═══ Listed entries ═══

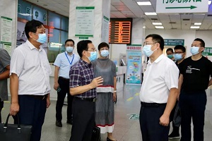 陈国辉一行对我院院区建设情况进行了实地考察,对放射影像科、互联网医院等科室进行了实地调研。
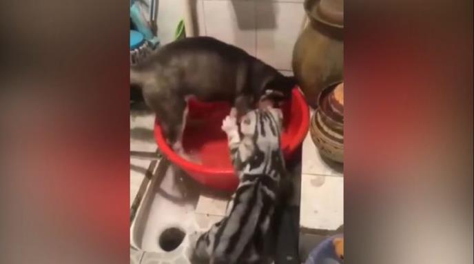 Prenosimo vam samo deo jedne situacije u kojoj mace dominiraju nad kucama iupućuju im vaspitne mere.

═══
═══ Listed entries ═══

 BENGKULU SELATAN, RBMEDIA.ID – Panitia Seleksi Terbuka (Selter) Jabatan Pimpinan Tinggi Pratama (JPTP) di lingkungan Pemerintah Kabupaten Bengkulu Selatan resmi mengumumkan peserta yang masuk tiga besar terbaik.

═══

From the data above, return only the lines starting at the line that holds "陈国辉一行对我院院区建设情况" and ending at the line that holds "Prenosimo vam samo", word for word and without pictures.

Solved exercise
 陈国辉一行对我院院区建设情况进行了实地考察,对放射影像科、互联网医院等科室进行了实地调研。
 Prenosimo vam samo deo jedne situacije u kojoj mace dominiraju nad kucama iupućuju im vaspitne mere.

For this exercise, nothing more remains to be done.